- Born: 1994 (age 31–32) Malawi
- Occupation: Politician
- Known for: Mayor
- Predecessor: Richard Banda
- Political party: Malawi Congress Party

= Esther Sagawa =

Malawian local politician (born 1994)

Esther Amina Sagawa became the mayor of Lilongwe in 2024. She was a councillor for the Malawi Congress Party.

==Life==
Sagawa's route into politics began when she became the executive director of the youth group Dream, Driven, Determined, Dedicated and Disciplined (5D) in Lilongwe. During her tenure the group supported a drive called Give a Child a Book. They raised the money with other groups and conducted car washes.

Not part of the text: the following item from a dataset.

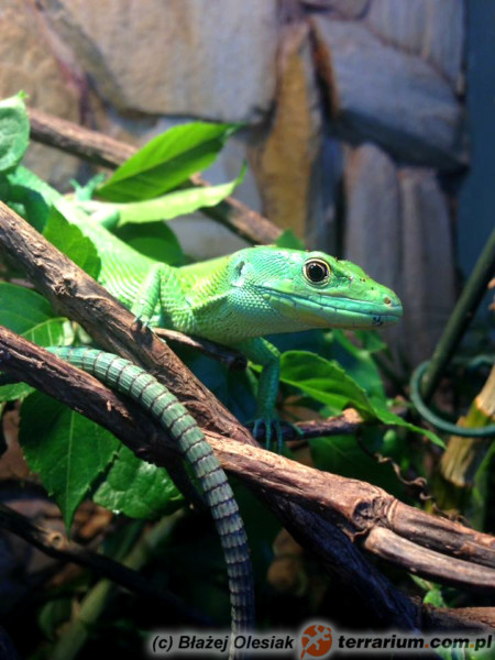 Jest to niedużej wielkości jaszczurka ta osiągająca długość 40-51 cm, przy czym około dwóch trzecich długości stanowi ogon. Głowa tego gatunku jest duża, długa i wąska, przechodząca w gruby kark, skutkiem czego nie widać wyraźnego przejścia między głową a tułowiem. Oczy duże z niewielką złotą tęczówką, język mocno czerwony. Tułów szczupły, ale przy tym dość masywny. Grzbietowa część tułowia zbudowana jest z niewielkich, gładkich i nie nachodzących na siebie łusek (w 28-40 rzędach), zaś brzuszna z masywnych, zwróconych na zewnątrz łusek z kilem (w 8-12 rzędach). Kończyny są dobrze rozwinięte, długie i mocne, wyposażone w pięć wydłużonych palców i ostre pazury. Kończyny tylne nieco grubsze. Ogon mocno wydłużony, chwytny, pełni ważną funkcję przy poruszaniu się wśród gałęzi i ma typową dla większości jaszczurek zdolność do autotomii. Utracony ogon odrasta.

In 2019, she became one of Lilongwe's councillors. She was elected for the Area 18 ward. She was supported by the Malawi Congress Party. During her term she worked with the local members of parliament and she was elected to be the Deputy Mayor.

She was promoted from deputy to be the Mayor of Lilongwe in 2024. She replaced Richard Banda. She was the second woman to be the city's mayor as Juliana Kaduya had been the mayor from 2019 until 2021. In 2024, Esther Sagawa was elected as the city's second female mayor. Later that year she became the first woman to be the President of the Malawi Local Government Association when she was elected in November.

During the Malawi Congress Party's 2025 primary elections there was a complaint that some parts of the organisation were favouring older male candidates. Despite this, in April it was reported that victorious candidates included Sagawa as well as Juliana Kaduya, Nancy Tembo, Rubyna De Silva who were also in Lilongwe constituencies, Jessie Kabwila and Sakina Chingomanje in Salima and Dorothy Chikonje in Nkhotakota Dwangwa.

In 2025 the Commonwealth Local Government Forum celebrated its 30th anniversary by profiling thirty of its members. Sagawa was chosen together with Ontiretse Tryphinah Bogatsu from Botswana, Louise Gittins from the UK and 27 other local councillors.

The Anti-Corruption Bureau's acting director Hillary Chinombo shut down a case against her in August 2025. The controversial decision was made a month before national elections. The media reported that she had demanded that her staff put allotments of land in Lilongwe into her name.